* The problem: When you copy the entries, omit the images and keep every word as it is.

* Dataset excerpts:
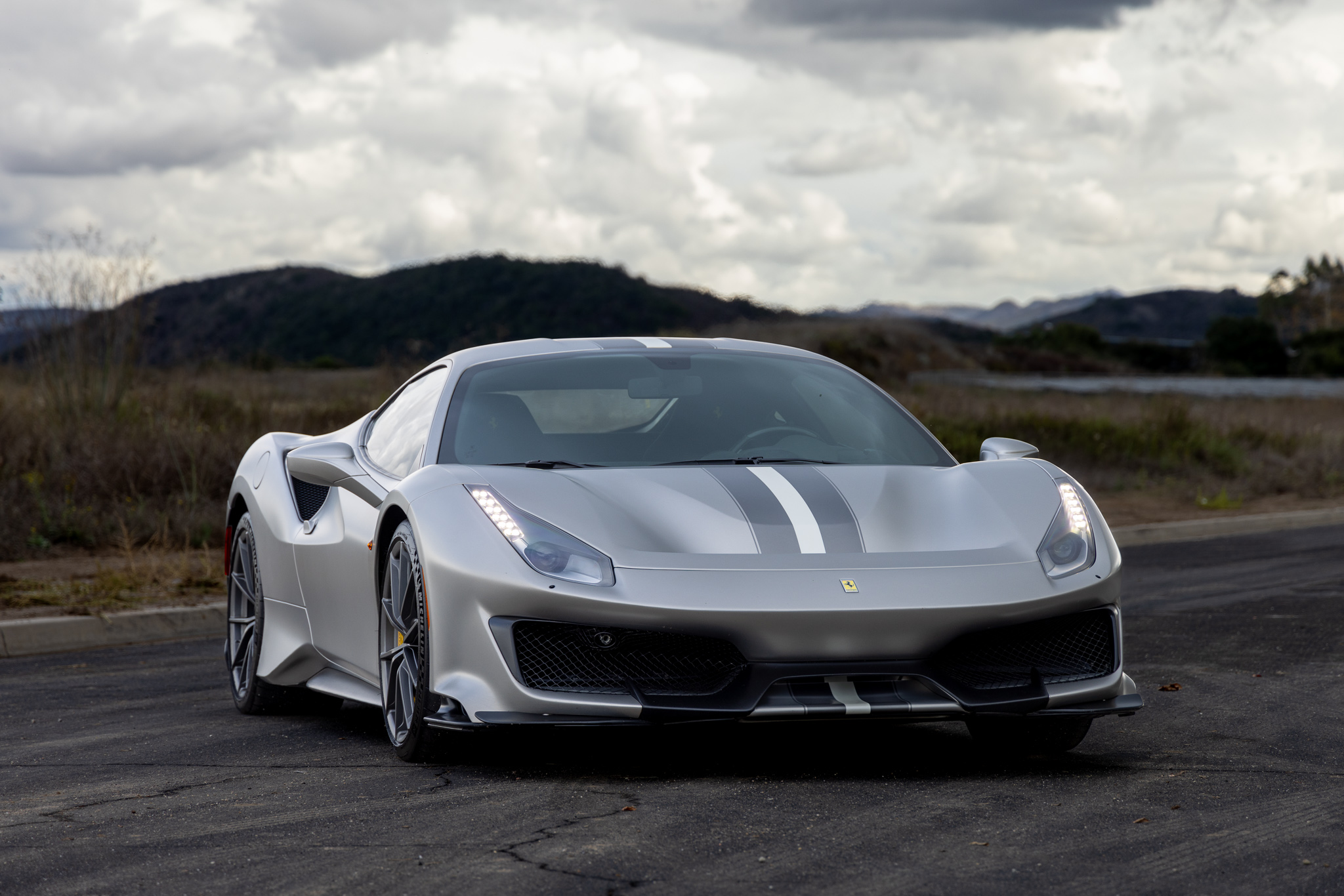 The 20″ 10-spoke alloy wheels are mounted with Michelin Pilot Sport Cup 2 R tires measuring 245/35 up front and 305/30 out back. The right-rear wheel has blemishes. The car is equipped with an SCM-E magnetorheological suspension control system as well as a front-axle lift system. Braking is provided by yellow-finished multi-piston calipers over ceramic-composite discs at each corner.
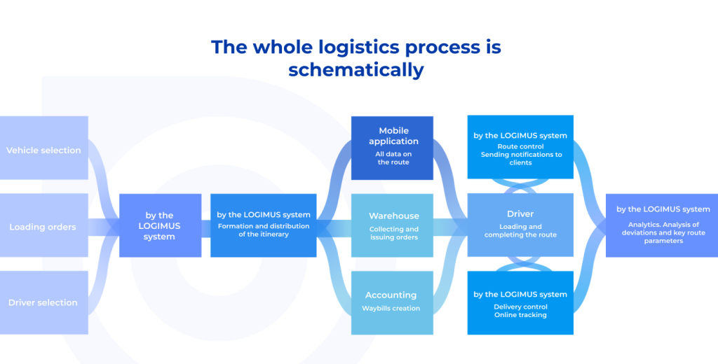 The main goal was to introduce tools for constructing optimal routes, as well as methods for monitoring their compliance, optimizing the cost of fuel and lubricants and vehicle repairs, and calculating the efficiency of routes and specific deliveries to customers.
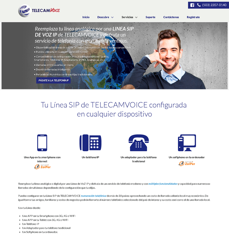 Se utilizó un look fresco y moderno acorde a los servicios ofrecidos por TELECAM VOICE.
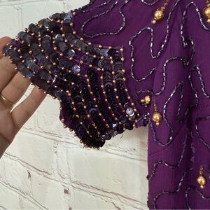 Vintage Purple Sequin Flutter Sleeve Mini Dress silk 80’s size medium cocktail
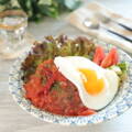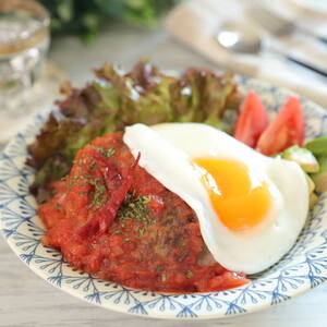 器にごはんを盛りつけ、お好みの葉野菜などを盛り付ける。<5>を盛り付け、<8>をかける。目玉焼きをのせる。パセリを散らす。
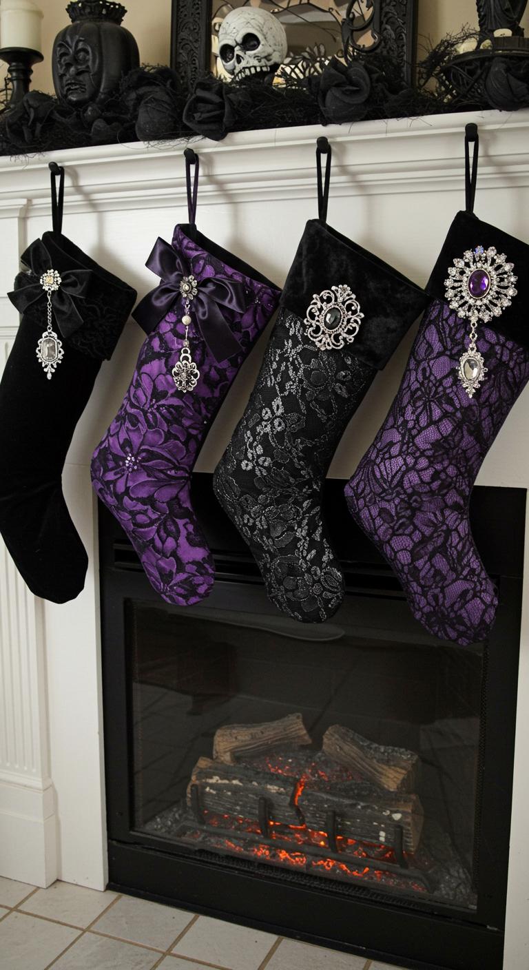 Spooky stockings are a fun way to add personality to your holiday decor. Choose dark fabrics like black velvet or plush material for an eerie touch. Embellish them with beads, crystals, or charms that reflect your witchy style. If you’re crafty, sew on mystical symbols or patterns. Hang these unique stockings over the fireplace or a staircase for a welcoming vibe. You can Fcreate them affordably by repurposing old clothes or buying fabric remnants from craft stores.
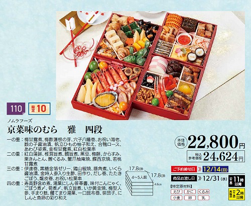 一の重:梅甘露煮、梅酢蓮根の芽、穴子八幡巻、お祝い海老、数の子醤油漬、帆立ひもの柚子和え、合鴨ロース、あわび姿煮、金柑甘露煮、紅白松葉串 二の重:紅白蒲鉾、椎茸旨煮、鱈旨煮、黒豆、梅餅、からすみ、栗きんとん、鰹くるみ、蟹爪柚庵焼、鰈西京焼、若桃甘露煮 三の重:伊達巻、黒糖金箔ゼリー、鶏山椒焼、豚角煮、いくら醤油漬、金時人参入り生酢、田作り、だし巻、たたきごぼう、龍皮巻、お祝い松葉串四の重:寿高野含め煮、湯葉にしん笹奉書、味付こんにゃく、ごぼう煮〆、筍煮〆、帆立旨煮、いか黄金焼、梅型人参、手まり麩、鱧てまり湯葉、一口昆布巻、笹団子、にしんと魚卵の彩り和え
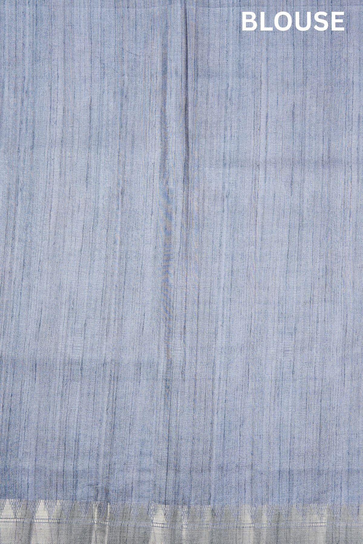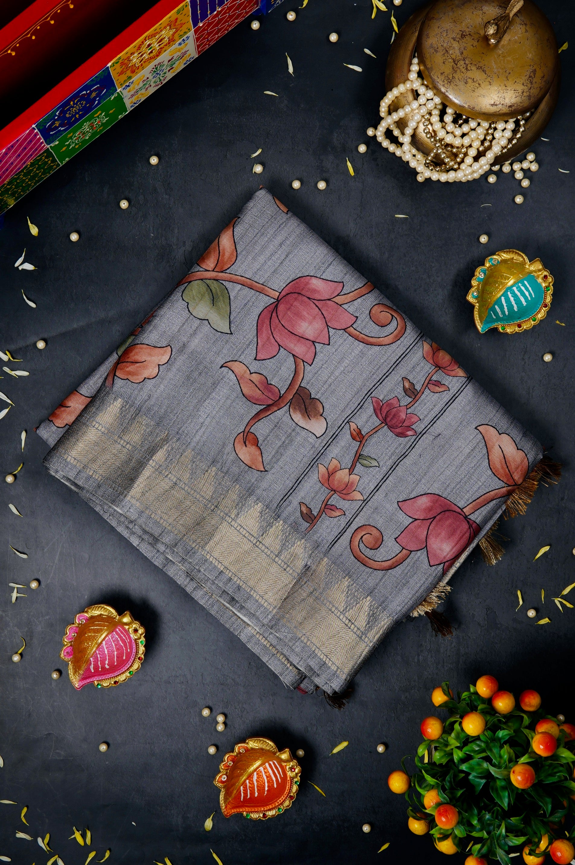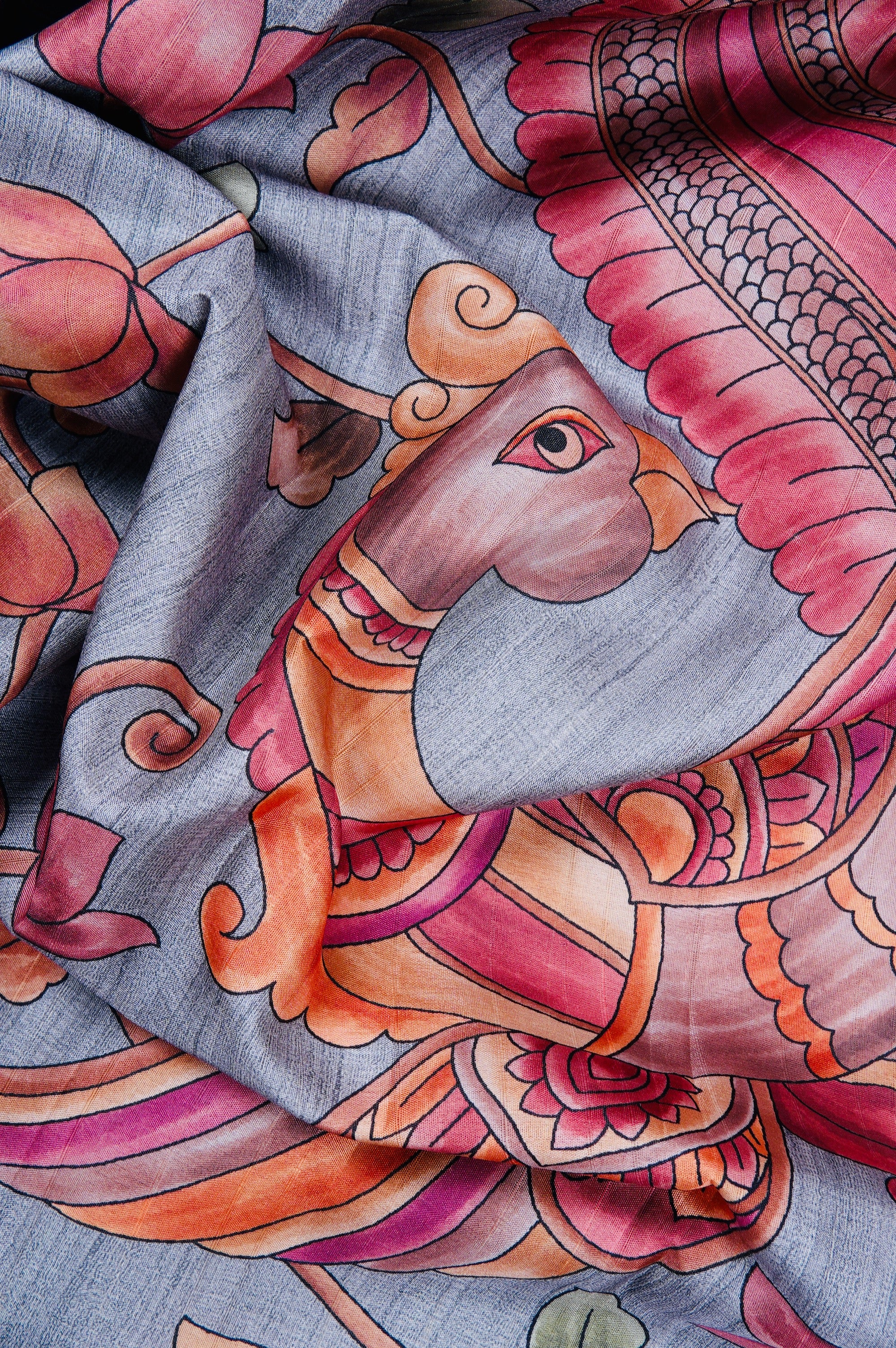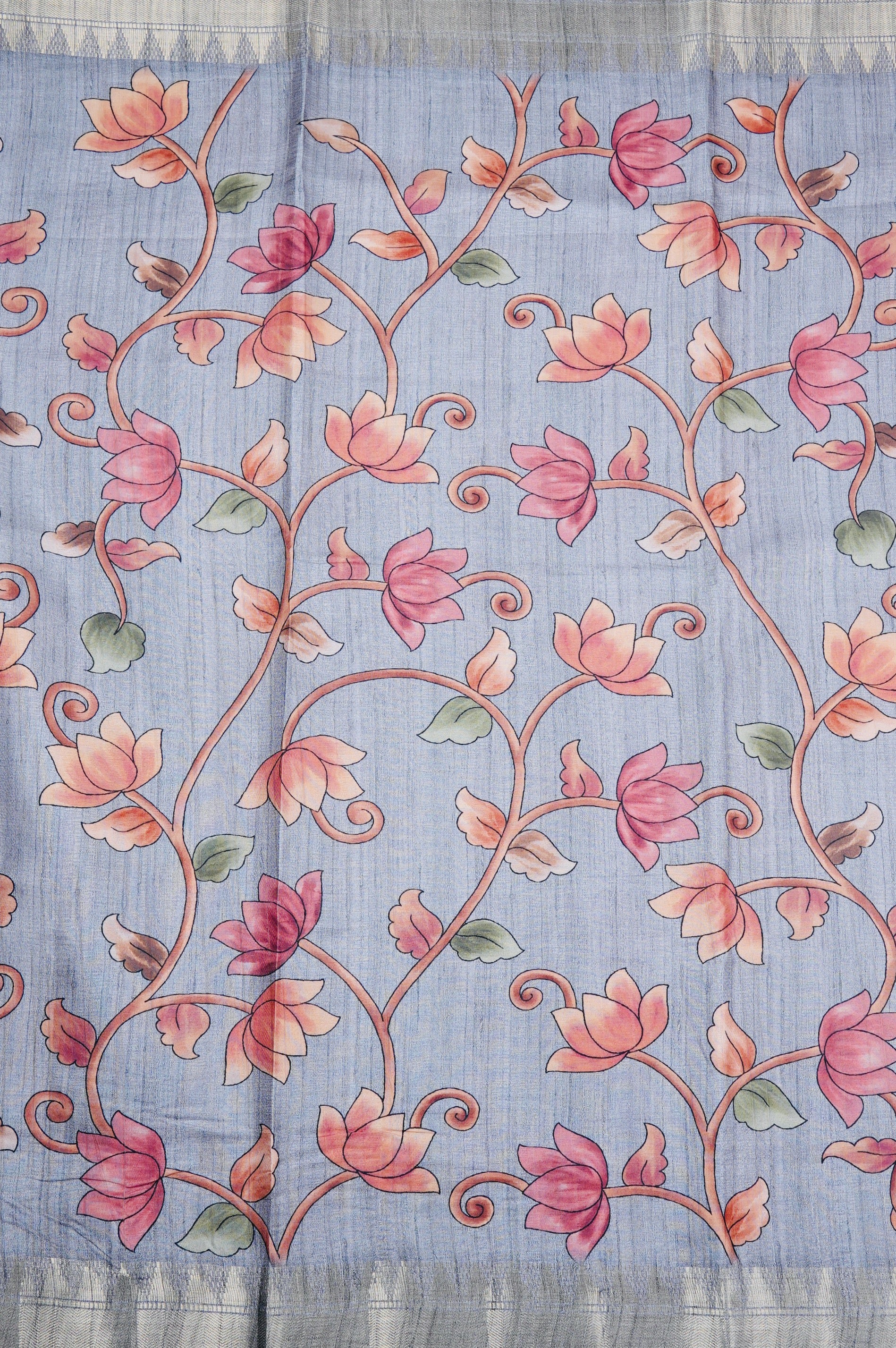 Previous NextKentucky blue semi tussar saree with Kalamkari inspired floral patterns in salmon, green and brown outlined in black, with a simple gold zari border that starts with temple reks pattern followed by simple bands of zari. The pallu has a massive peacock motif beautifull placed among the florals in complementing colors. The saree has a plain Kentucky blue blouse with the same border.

* Task response:
 The 20″ 10-spoke alloy wheels are mounted with Michelin Pilot Sport Cup 2 R tires measuring 245/35 up front and 305/30 out back. The right-rear wheel has blemishes. The car is equipped with an SCM-E magnetorheological suspension control system as well as a front-axle lift system. Braking is provided by yellow-finished multi-piston calipers over ceramic-composite discs at each corner.
 The main goal was to introduce tools for constructing optimal routes, as well as methods for monitoring their compliance, optimizing the cost of fuel and lubricants and vehicle repairs, and calculating the efficiency of routes and specific deliveries to customers.
 Se utilizó un look fresco y moderno acorde a los servicios ofrecidos por TELECAM VOICE.
 Vintage Purple Sequin Flutter Sleeve Mini Dress silk 80’s size medium cocktail
 器にごはんを盛りつけ、お好みの葉野菜などを盛り付ける。<5>を盛り付け、<8>をかける。目玉焼きをのせる。パセリを散らす。
 Spooky stockings are a fun way to add personality to your holiday decor. Choose dark fabrics like black velvet or plush material for an eerie touch. Embellish them with beads, crystals, or charms that reflect your witchy style. If you’re crafty, sew on mystical symbols or patterns. Hang these unique stockings over the fireplace or a staircase for a welcoming vibe. You can Fcreate them affordably by repurposing old clothes or buying fabric remnants from craft stores.
 一の重:梅甘露煮、梅酢蓮根の芽、穴子八幡巻、お祝い海老、数の子醤油漬、帆立ひもの柚子和え、合鴨ロース、あわび姿煮、金柑甘露煮、紅白松葉串 二の重:紅白蒲鉾、椎茸旨煮、鱈旨煮、黒豆、梅餅、からすみ、栗きんとん、鰹くるみ、蟹爪柚庵焼、鰈西京焼、若桃甘露煮 三の重:伊達巻、黒糖金箔ゼリー、鶏山椒焼、豚角煮、いくら醤油漬、金時人参入り生酢、田作り、だし巻、たたきごぼう、龍皮巻、お祝い松葉串四の重:寿高野含め煮、湯葉にしん笹奉書、味付こんにゃく、ごぼう煮〆、筍煮〆、帆立旨煮、いか黄金焼、梅型人参、手まり麩、鱧てまり湯葉、一口昆布巻、笹団子、にしんと魚卵の彩り和え
 Previous NextKentucky blue semi tussar saree with Kalamkari inspired floral patterns in salmon, green and brown outlined in black, with a simple gold zari border that starts with temple reks pattern followed by simple bands of zari. The pallu has a massive peacock motif beautifull placed among the florals in complementing colors. The saree has a plain Kentucky blue blouse with the same border.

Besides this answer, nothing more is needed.